Versions of relevant libraries:
[pip3] mypy-extensions==1.0.0
[pip3] numpy==1.24.0
[pip3] torch==2.1.0a0+gita014d1b
[pip3] torcheval==0.0.6
[pip3] torchmetrics==1.0.3
[pip3] torchtnt==0.2.0
[conda] blas 1.0 mkl
[conda] mkl 2023.1.0 h6d00ec8_46342
[conda] mkl-service 2.4.0 py39h5eee18b_1
[conda] mkl_fft 1.3.6 py39h417a72b_1
[conda] mkl_random 1.2.2 py39h417a72b_1
[conda] numpy 1.22.4 pypi_0 pypi
[conda] torch 2.1.0a0+gita014d1b pypi_0 pypi
[conda] torcheval 0.0.6 pypi_0 pypi
[conda] torchmetrics 1.0.3 pypi_0 pypi
[conda] torchtnt 0.2.0 pypi_0 pypi

Hi @gounley thanks for bringing this up. I'm not able to replicate this locally on my end. Can you try and see if using torcheval-nightly also results in the discrepancy?

Nightly (2023.8.20) gives me the same incorrect result.

if you create a new environment and install torcheval-nightly, does it still produce the same incorrect result?

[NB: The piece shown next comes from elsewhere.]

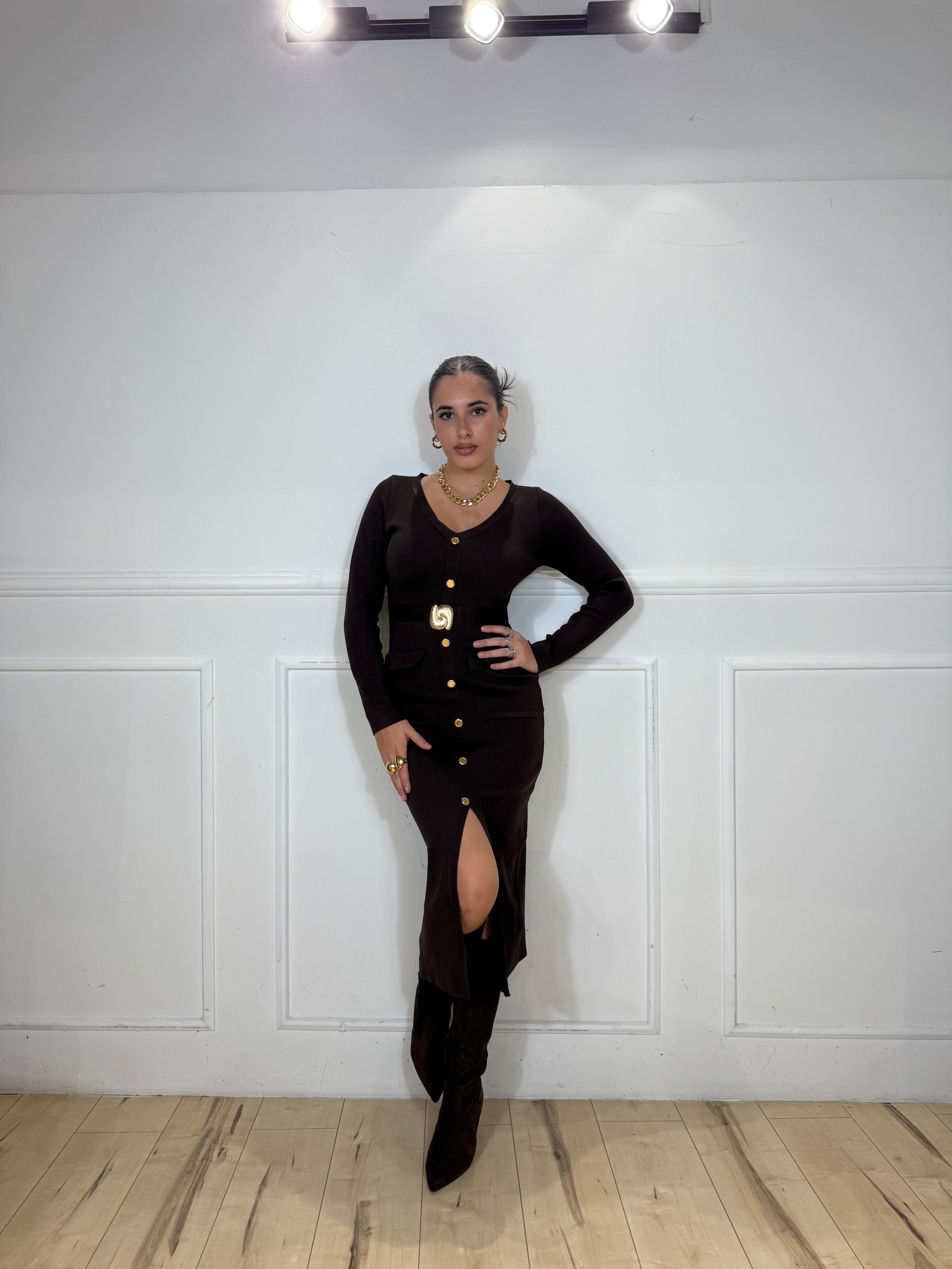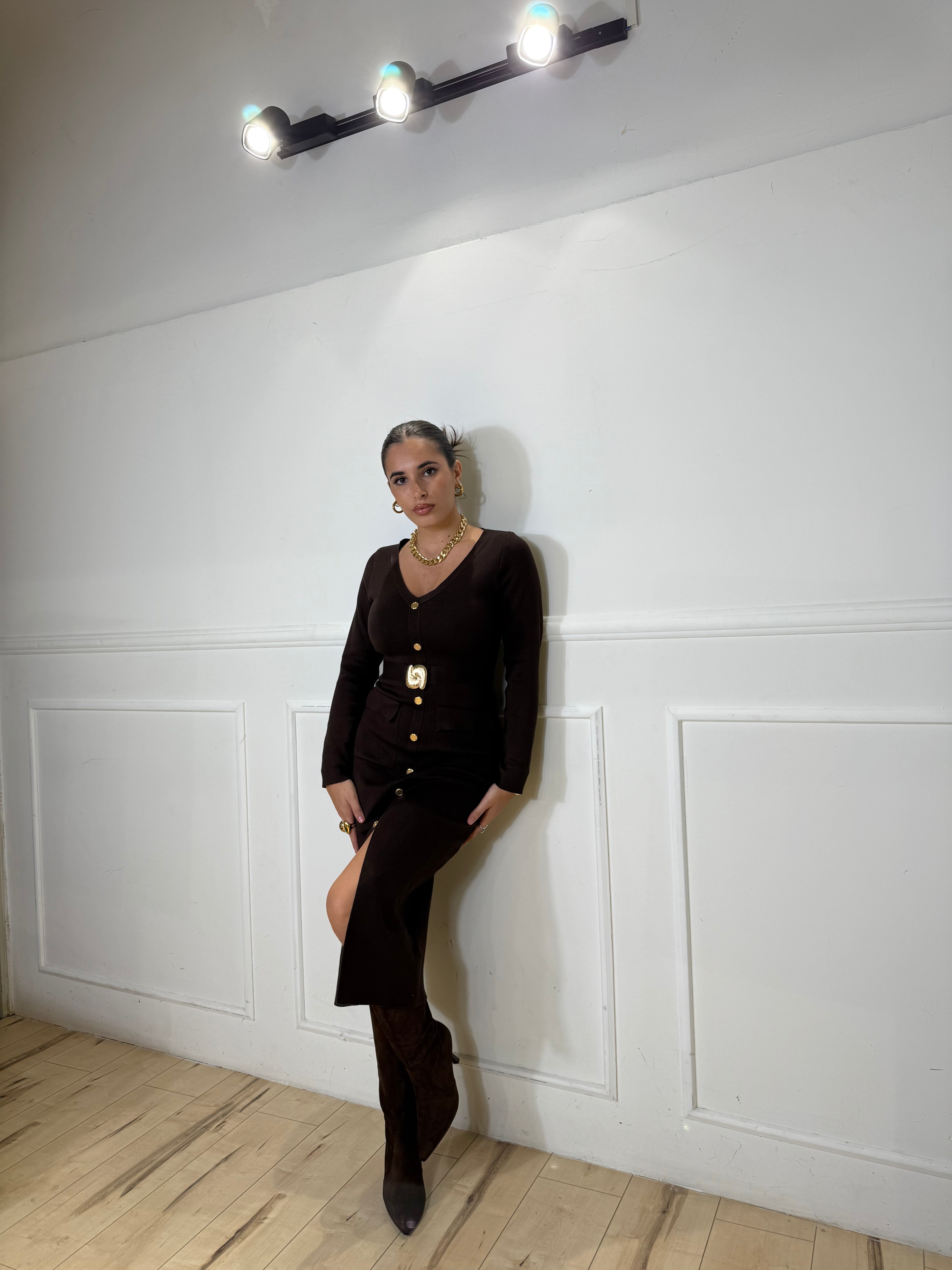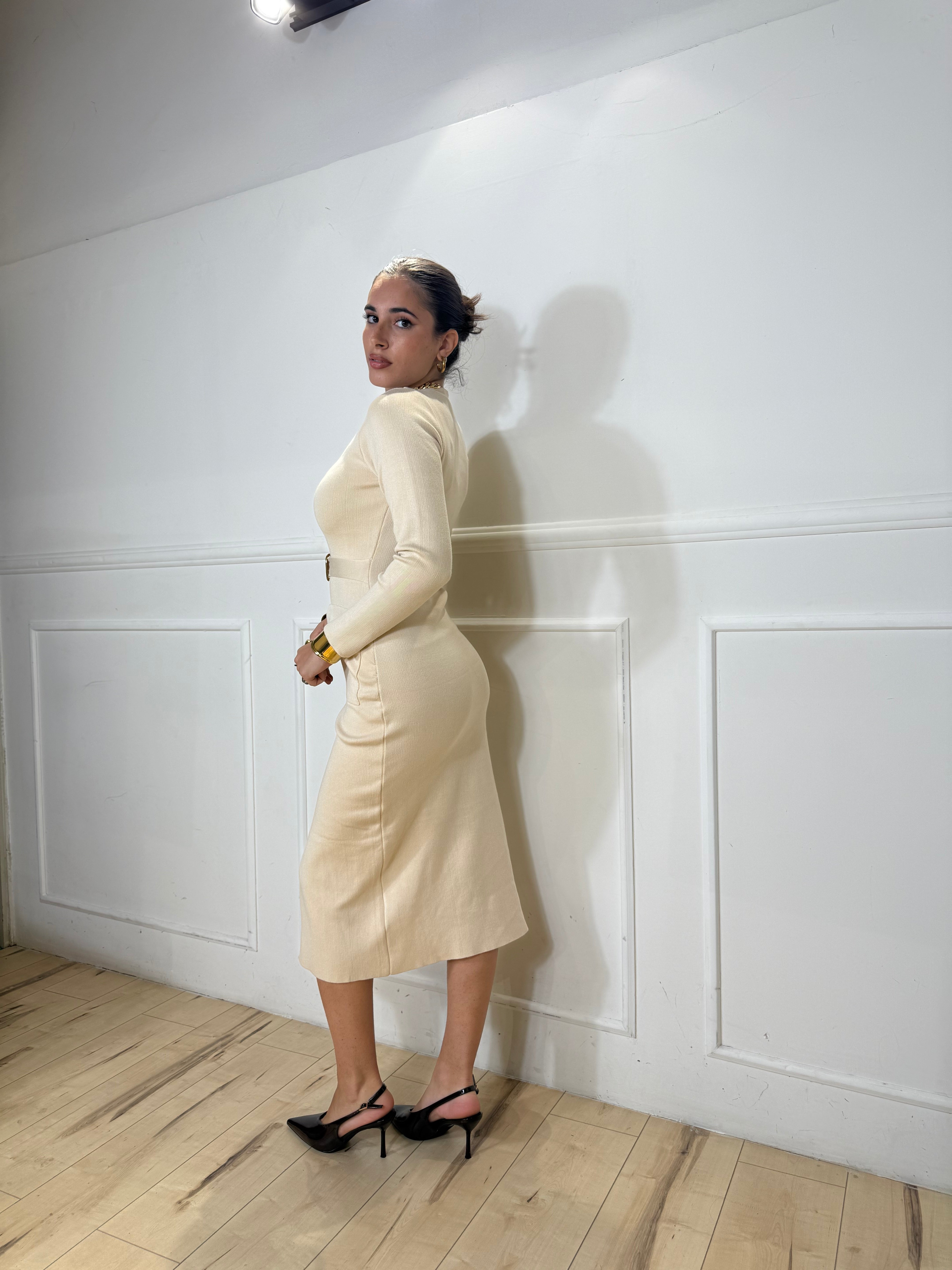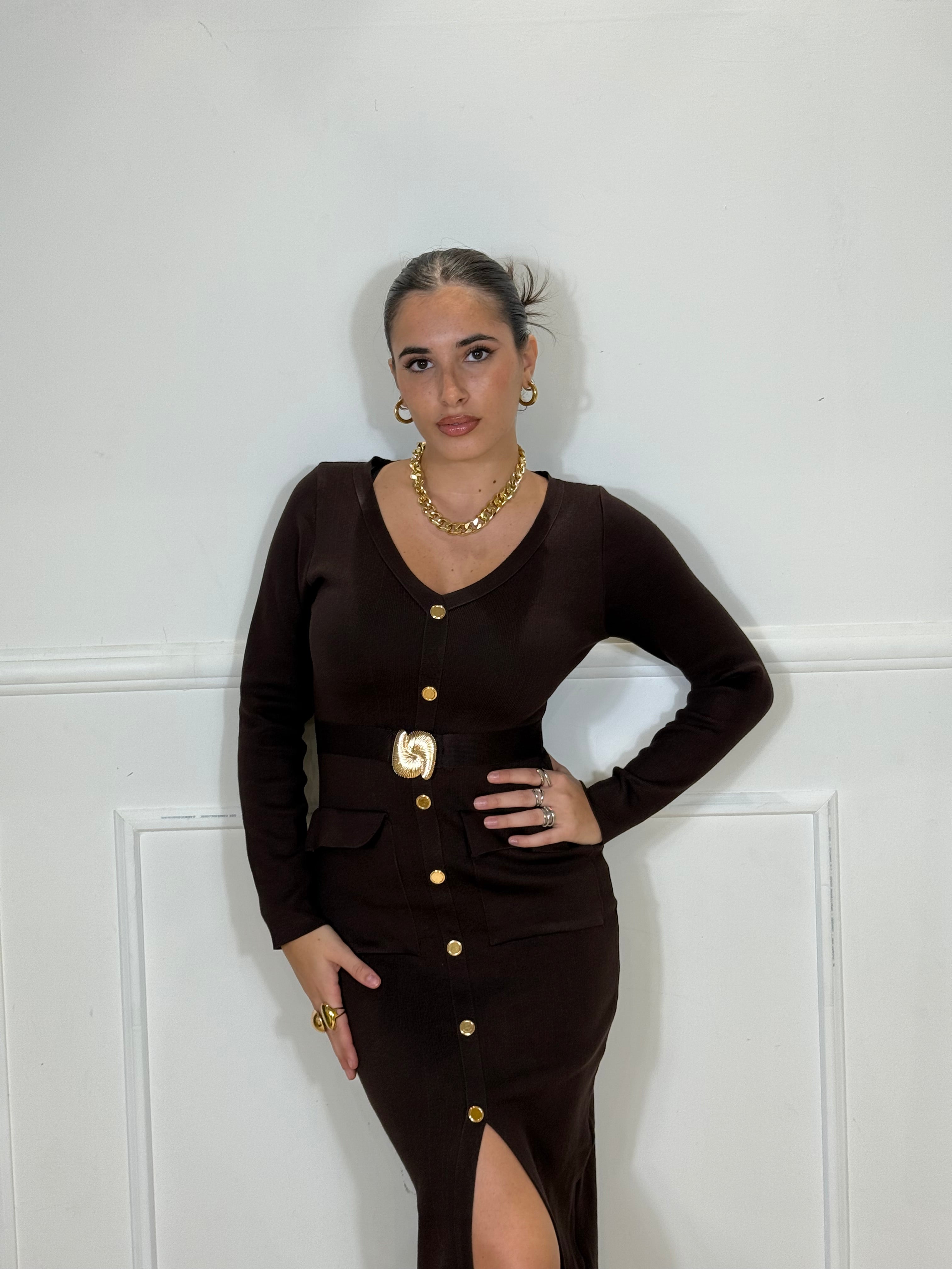 Abito tubino in lana rasata con dettagli oro, disponibile in taglia unica.
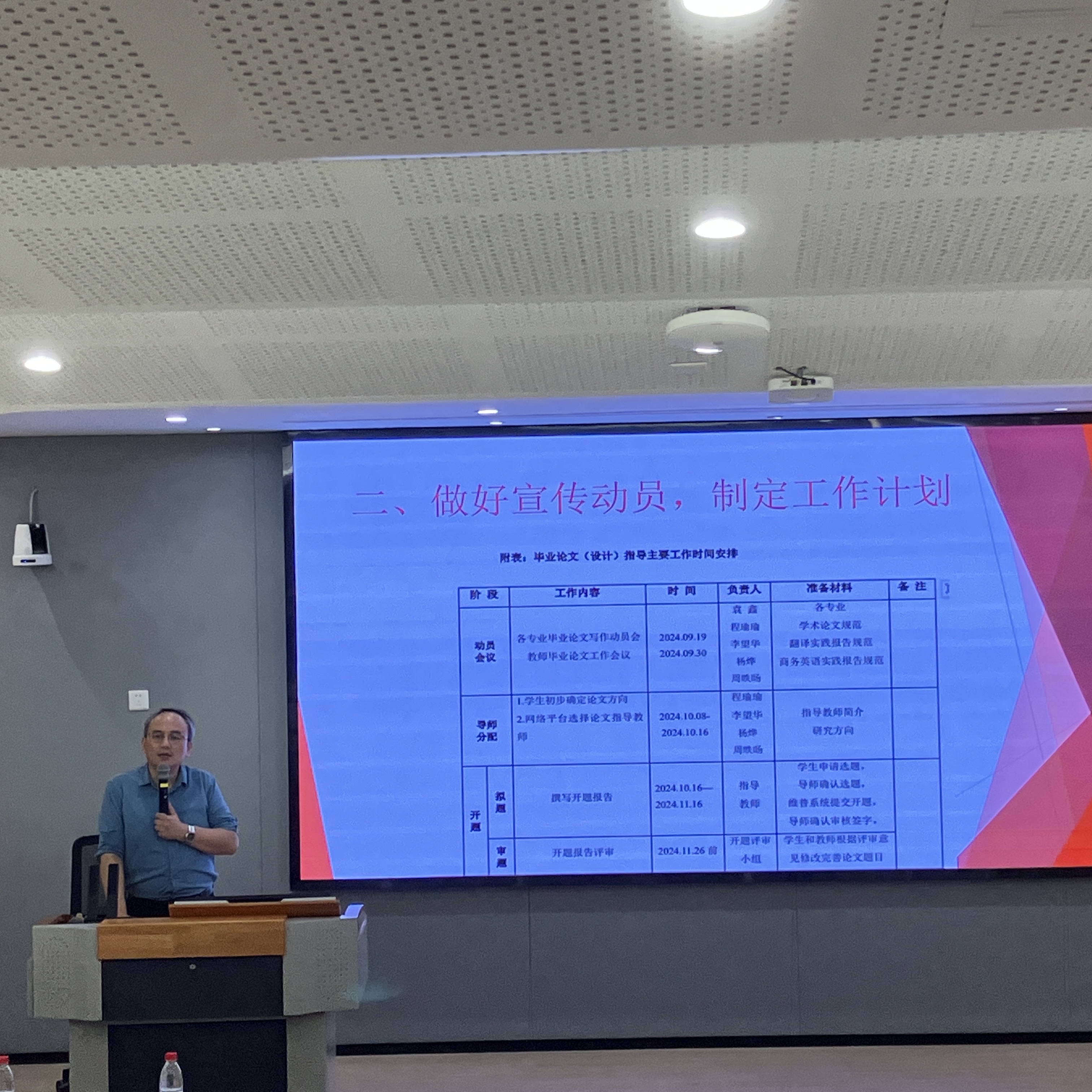 9月26日,为了更全面地覆盖即将步入毕业论文撰写与毕业实习阶段的毕业生,特别是考虑到部分同学已在校外进行实习,万象城在教学楼八教103创新性地采取了现场与线上直播相结合的方式,成功举办了2025届毕业论文毕业实习动员大会。此次会议不仅确保了留校学生能够直接参与、实时互动,也让校外实习的同学们能够跨越地域限制,同步获取重要信息与指导。会议由awc77万象城官网副院长袁鑫、商务英语系主任李望华、英语专业系主任程瑜瑜、德语专业系主任周昳旸以及教务员杨超参加会议,各会议专场由各系主任主持。

I made a new environment on a different machine and the result is still the same.

Versions:
Collecting environment information...
PyTorch version: 2.0.1
Is debug build: False
CUDA used to build PyTorch: None
ROCM used to build PyTorch: N/A

OS: macOS 13.5.1 (arm64)
GCC version: Could not collect
Clang version: Could not collect
CMake version: Could not collect
Libc version: N/A

Python version: 3.11.4 (main, Jul 5 2023, 08:40:20) [Clang 14.0.6 ] (64-bit runtime)
Python platform: macOS-13.5.1-arm64-arm-64bit
Is CUDA available: False
CUDA runtime version: No CUDA
CUDA_MODULE_LOADING set to: N/A
GPU models and configuration: No CUDA
Nvidia driver version: No CUDA
cuDNN version: No CUDA
HIP runtime version: N/A
MIOpen runtime version: N/A
Is XNNPACK available: True

CPU:
Apple M2

Versions of relevant libraries:
[pip3] numpy==1.25.2
[pip3] torch==2.0.1
[pip3] torchaudio==2.0.2
[pip3] torcheval-nightly==2023.8.20
[pip3] torchmetrics==1.1.0
[pip3] torchvision==0.15.2
[conda] numpy 1.25.2 pypi_0 pypi
[conda] torch 2.0.1 pypi_0 pypi
[conda] torchaudio 2.0.2 pypi_0 pypi
[conda] torcheval-nightly 2023.8.20 pypi_0 pypi
[conda] torchmetrics 1.1.0 pypi_0 pypi
[conda] torchvision 0.15.2 pypi_0 pypi

Ah ok, I found the error - it was in our test environment. I'll close the issue.